The parties may also define the term as a condition within the contract. This must be done clearly and unambiguously (Lombard North Central plc v Butterworth).



However, generally the courts have been reluctant to classify a term as a condition (Bunge Corp v Tradax Export SA).



However, a distinct category of innominate terms exist which are neither conditions nor warranties (first identified in Hong Kong Fir Shipping Co Ltd per Lord Diplock). 

This gives the courts a large degree of flexibility as they will allow the party to terminate the contract only where the breach of the innominate term has had serious consequences for him.



The Hansa Nord – C rejected the cargo delivered by D because it was not in ‘good condition’. However, the CoA held that the term which had been broken was not a condition, but an innominate term which did not give rise to

sufficiently serious consequences to terminate the contract. C was only able to sue for damages to reflect the loss in value of the cargo. Damages: 

Any breach of contract will give the innocent party the right to damages in respect of the loss suffered, unless this is excluded by an appropriately drafted exclusion clause. 

This is the case whether the relevant term is a warranty, condition or innominate term.

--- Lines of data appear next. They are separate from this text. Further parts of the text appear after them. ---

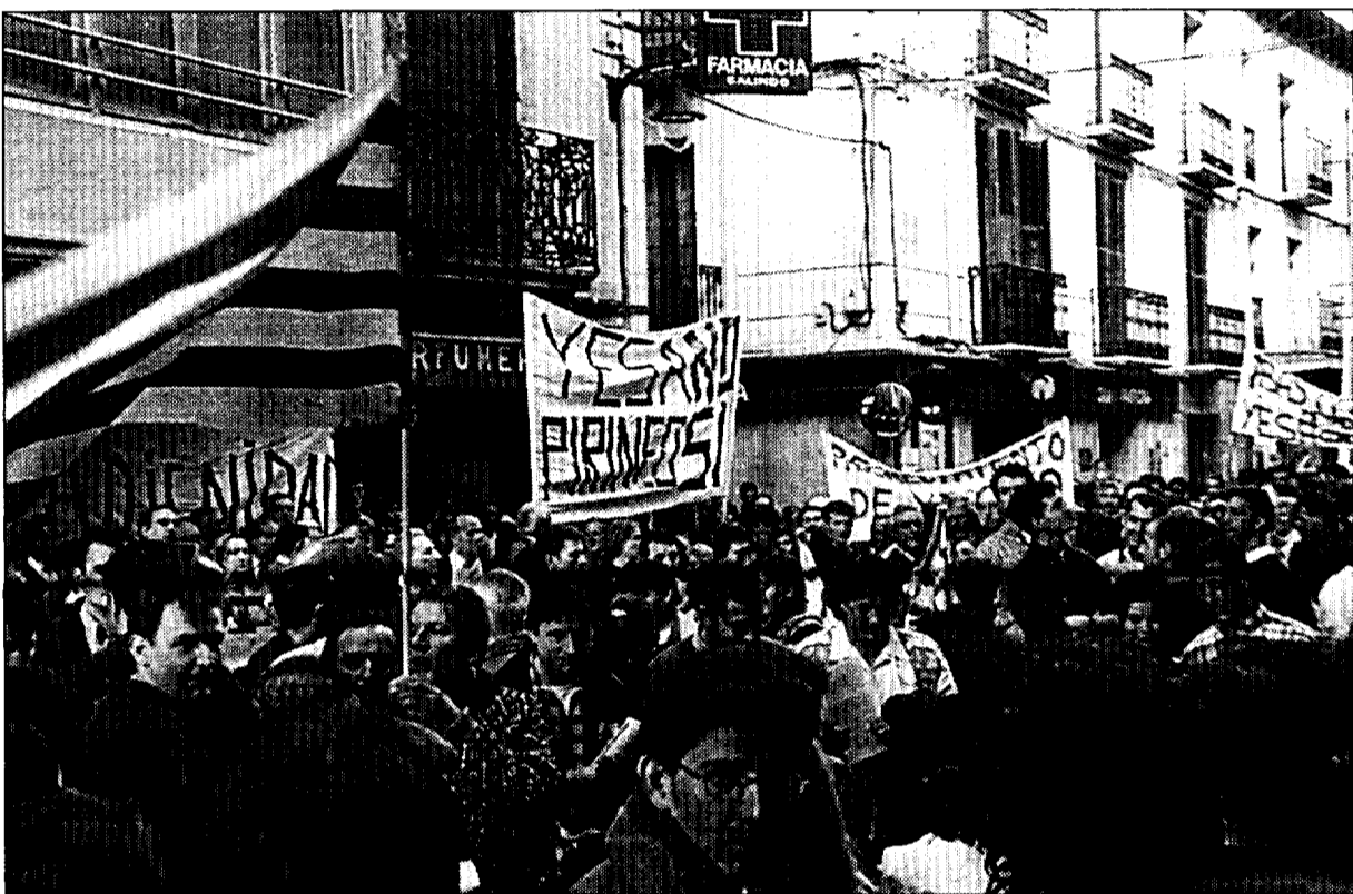
Cerca de mil personas se concentraron el pasado sábado en Jaca para manifestar su rechazo a la declaración de impacto ambiental del recrecimiento de Yesa

centraron el pasado sábado ante la puerta del ayuntamiento de Jaca, en respuesta inmediata y "urgente" al anuncio realizado por Lanzuela coincidiendo con el comienzo de las vacaciones de Semana Santa. Asimismo, la Coordinadora de Afectados por Grandes Embalses y Trasmases (COAGRET) ha denunciado que han existido "presiones" sobre los técnicos del ministerio de Medio Ambiente que han dado el visto bueno a esta declaración de impacto.
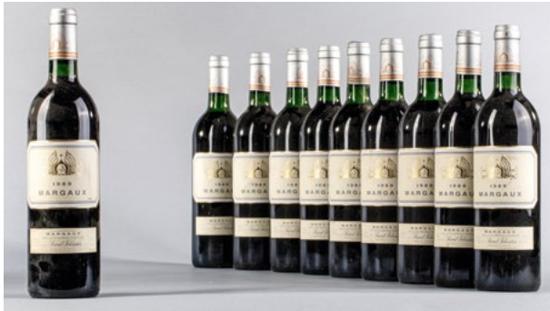
110 Dix bouteilles de Margaux 1989 € 800 - 1 000
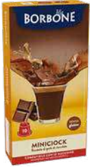
BORBONE CAPSULA NESPRESSO MINICIOCK SIN GLUTEN Y SIN CAFEÍNA 10 pz
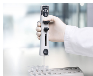
Dispensieren kleiner Volumina
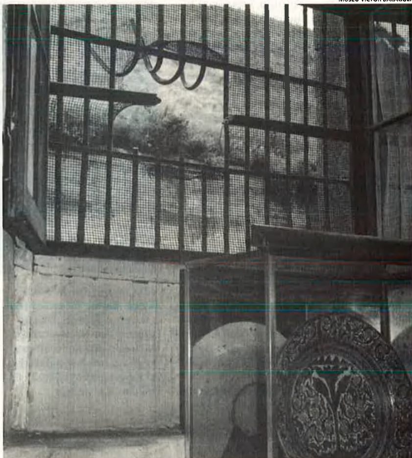
MUSEU VÍCTOR BALAGUER

Avui encara resten per localitzar una custòdia processional, un oli de Vicente López, documents de l'Arxiu Històric Eclesiàstic, peces d'orfebreria i, fins i tot, una recepta ca-
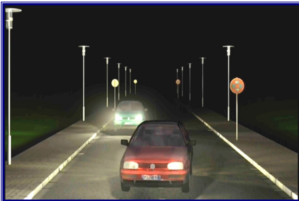
Standbild aus einer animierten 3D-Auswertung mit LASEC

LASEC (LAST SECONDS) ist eine "Black-Box" zur "Eins-zu-Eins"-Aufklärung von Verkehrsunfällen auf der Strasse. LASEC ermöglicht massstabsgetreue 3D-Bild- und Ton-Animationen der Ereignisse aus Optik eines fiktiven Zeugen. Dabei lässt sich der Unfallhergang beliebig, in Zeitlupe und mit frei wählbaren Beobachter-Standorten (auch mitfahrend) wiederholen. Distanz, Position, Geschwindigkeit, Rotation und Beschleunigung der beteiligten Fahrzeuge lassen sich später präzise rekonstruieren und nachweisen.
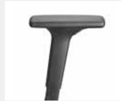
A341KGS / A348KGS* (3F) Armauflagen PU soft Armpads PU soft
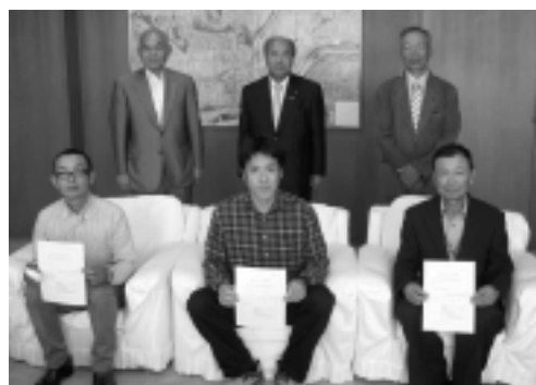
▷推奨書交付式(7月9日)

・JAPINネ女性部の協力により、産地直売朝市が毎週土曜日にJAPINネストア前で開催。店内にも常設「もぎたて市コーナー」を設けている。
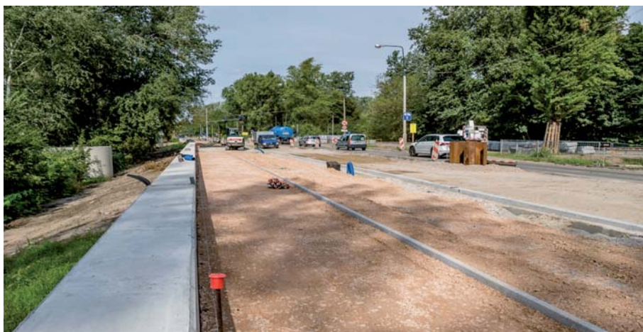
Fot. 10. Widok muru przeciwpowodziowego wraz z budowaną infrastrukturą drogi

zwalająca na przeprowadzenie archeologicznych badań wykopaliskowych w rejonie kościoła pod wezwaniem Św. Michała Archanioła wydana przez Mazowieckiego Wojewódzkiego Konserwatora Zabytków;
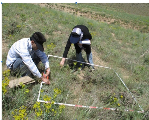
شکل ۲- پلات مورد استفاده در اندازه‌گیری پوشش گیاهی در حوزه زوجی گنبد

ویژگی‌های پوشش سطح خاک بر اساس اندازه‌گیری ۵۳ پلات در سطح زیرحوزه شاهد و نمونه به دست آمد. شاخص‌های آماری تمامی پارامترها نیز برای بررسی بهتر آنها محاسبه گردید که نتایج آنها در جدول (۱) برای زیرحوزه‌های مورد مطالعه آمده است.
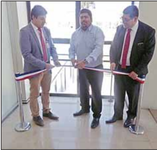
Autoridades hicieron el tradicional corte de cinta a esta nueva etapa de desarrollo de energía y medioambiente.

Montiglio sostuvo que esto es parte de una política pública que pretende llegar de aquí al año 2050 con el 70% de la matriz energética que provenga de energías renovables no convencionales.
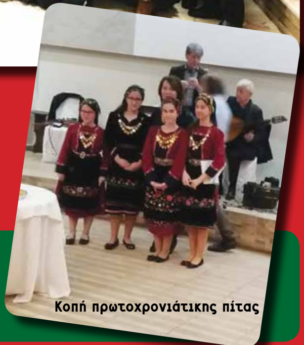
Κοπή πρωτοχρονιάτικης πίτας

Το Διοικητικό Συμβούλιο της Αδελφότητας εύχεται σε όλους Χρόνια Πολλά και Καλή Ανάσταση με Υγεία! Το φως της Ανάστασης να χαρίσει σε όλους ελπίδα και να φέρει γαλήνη
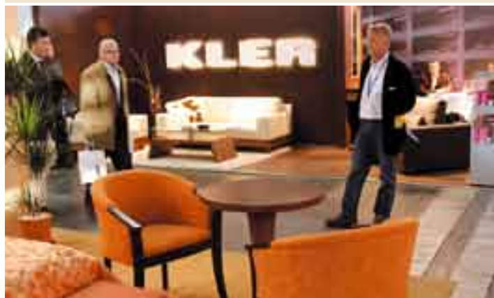
Fot. Serwis prasowy MTP INVEST-HOTEL 2007

W 2007 r. powierzchnia ekspozycji targów INVEST-HOTEL przekroczyła 2500 m 2 , zaprezentowało się tu ponad 100 wystawców, wśród których nie zabrakło wielu liderów rynku.
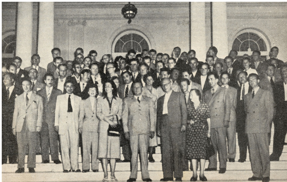
Εικόνα 5 Μετά τη λήξη της Ολυμπιάδας οι παίκτες πήγαν με ειδική πτήση στο Βελιγράδι για να συναντηθούν με τον Στρατάρχη Τίτο. Στο πανέμορφο Λευκό Παλάτι ο Τίτο έμεινε μαζί τους για πολλές ώρες. Ανάμεσα σε αυτά που τους είπε ήταν και ότι η παντελής έλλειψη χρόνου λόγω υποχρεώσεων δεν του επέτρεπε να αφοσιωθεί σε σκακιστική μελέτη.

1.64 ΙΖ6 2.γ4 ε6 3.Ιγ3 Αβ4 4.ΙΖ3 0-0 5.Ββ3 γ5 6.Αη5 Ιγ6 7.δχγ5 Αχγ5 8.ε3 Αε7 9.Αε2 β6 10.0-0 Αβ7 11.α3 θ6 12.Αθ4 Πγ8 13.Παδ1 Ια5 14.Βα2 Ιε4 15.Ιχε4 Αχε4 16.Αχε7 Βχε7 17.Ιδ2 Αα8 18.β4 Ιγ6 19.Ββ2 Πζδ8 20.Αζ3 δ6 21.Πγ1 Ιε5 22.Αχα8 Πχα8 23.Βδ4 Παγ8 24.Πζδ1 Βγ7 25.ζ4 Ιγ6 26.Ββ2 Ιε7 27.ε4 δ5 28.εχδ5 Βχζ4 29.δχε6 Βε3+ 30.Ρθ1 Βε2 31.εχζ7+ Ρζ8 32.Βγ2 Πδ4 33.Βθ7 Πγγ4 34.Πζ1 Πζ4 35.Ιζ3 Πχγ1 36.Πχγ1 Πχζ3 0-1.
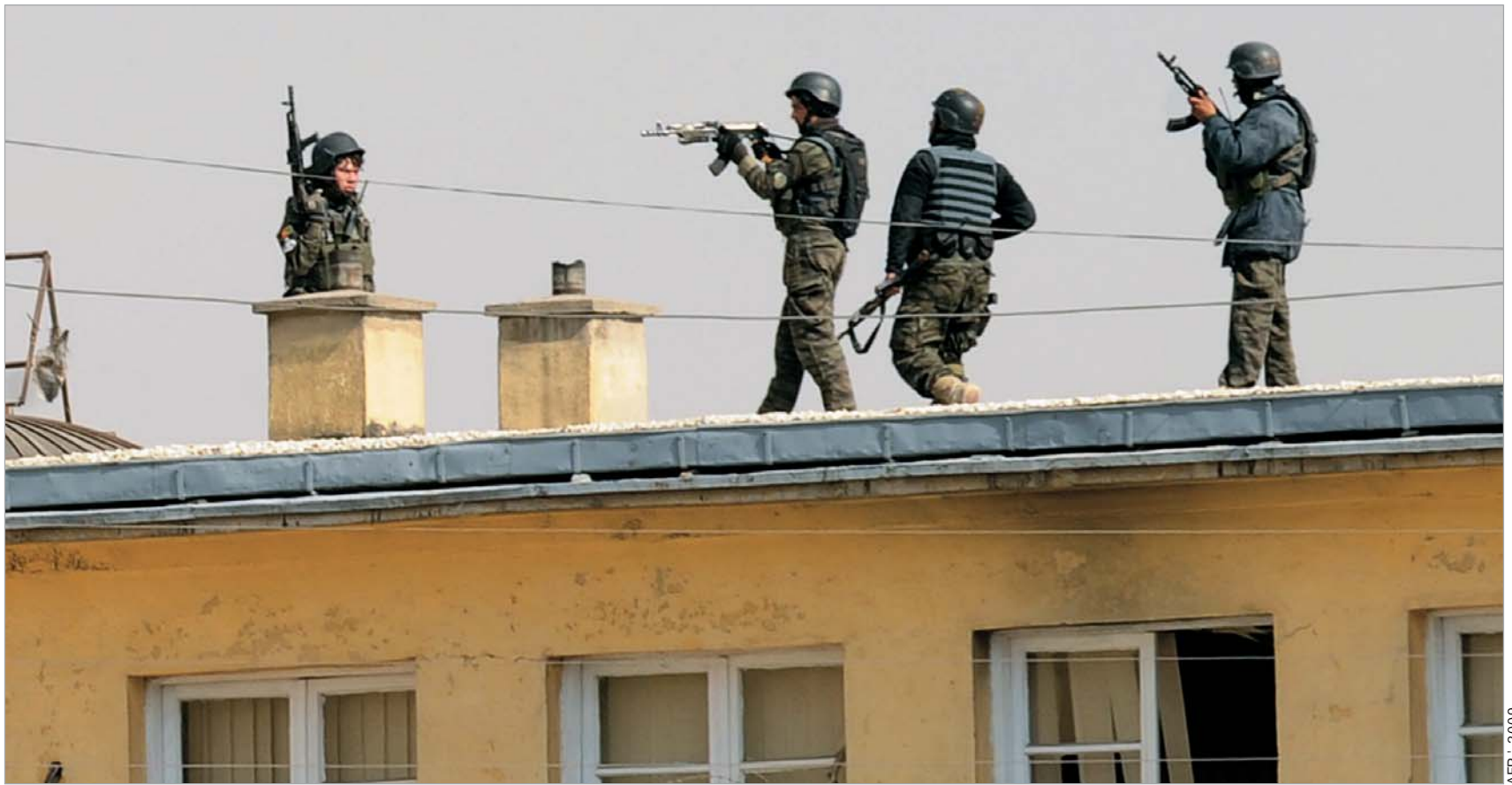
ტერორისტული თავდასხმების შედეგად ქაბულში 19 ადამიანი გარდაიცვალა, 50 კი დაიჭრა

იუსტიციის სამინისტროს ერთ-ერთი თანამშრომელი ჰყვება, რომ ნახა მამაკაცი, რომელსაც ხელში ავ-
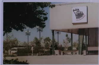
(على) صيدلية حديثة بمركز حارة الباسمة (الصفا) مركز بندي التسوق بحي الفراق

حصلت عدة مؤسسات على مرافقة الهيئة الملكية لتأجير أراض ومرافق تجارية بمدينة الجبيل الصناعية .. وتشمل هذه المرافق مشتلًا زراعيًا، ومطعم، وشركة تعاونية للمواد الغذائية، ولزالات الفارشات مستمرة مع مؤسسات آخرين فيريان في إقامة مستوصف خاص ومرفق للتدريب على مكافحة الحرائق .
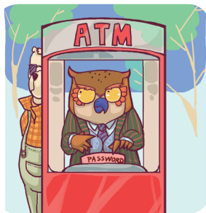
使用ATM机要格外小心
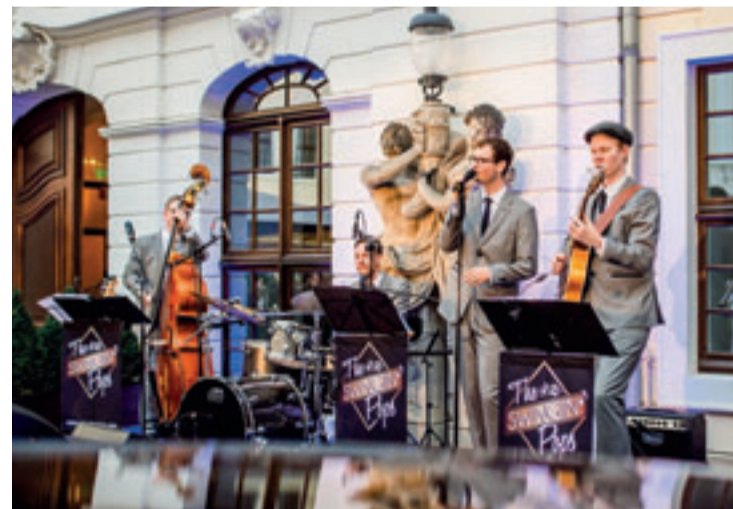
The Swingin' Pops spielen am 1.8. im Pfarrgarten Seelze

Sommer, Sonne, Kultur pur: Der 28. Kultursommer der Region Hannover und der Stiftung Kulturregion Hannover zeigt auch in diesem Jahr wieder, wie vielfältig, verbindend und farbenfroh Kultur sein kann. Ein buntes Programm bietet vom 1. Juli bis zum 30. August die Möglichkeit, atmosphärische Orte und kulturelle Schätze in der Region Hannover zu entdecken. 27 Veranstaltungen lohnen einen Besuch in Parks, Gärten, Scheunen, Schwimmbädern, Kirchen oder Schlössern. Veranstaltungsorte sind Barsinghausen, Bredenbeck, Brelingen, Garbsen, Gehrdens, Hannover-Kleefeld, Hannover-List, Hannover-Ricklingen, Hannover-Stöcken, Laatzen, Neustadt am Rübenberge, Poggenhagen, Ronnenberg, Springe, Seelze, Wedemark und Wunstorf. www.kultursommer-region-hannover.de

Enforcement of the contract: 

The party in breach may be unable to enforce the contract against the innocent party. 

Where the parties’ obligations are independent (one party’s obligations are not dependant on performance by the other party), the innocent party will be unable to abandon the contract (Taylor v Webb).



Where the parties’ obligations are dependant, the innocent party must show that he is willing to perform his obligations before he can take an action against the party in breach

The right to terminate the contract: 

A breach of contract may entitle the innocent party to terminate future performance of the contract (repudiatory breach). 

This can only be relied upon where the term in question is a condition or an innominate term which gives rise to sufficiently serious consequences.



It should be noted that a contract set aside in this way is set aside prospectively, not retrospectively (Johnson v Agnew). 

However, the breach of the primary obligation may give rise to secondary obligations (a distinction made by Lord Diplock in Photo Production) where all the benfits of the contract are substantially removed from the innocent party. These secondary obligations will give rise to an action for damages.



However, the innocent party is not obliged to exercise his right to terminate performance of the contract. The breach merely gives him the option to do so. 

The innocent party is given time to consider this, during which time the contract is still in operation (Stocznia).



The innocent party must communicate his decision to the other party if he wished to terminate performance (Vitol SA v Norelf Ltd).



However, if the innocent party elects to affirm the contract, the contract remains in force and his decision cannot be revoked (Johnson v Agnew).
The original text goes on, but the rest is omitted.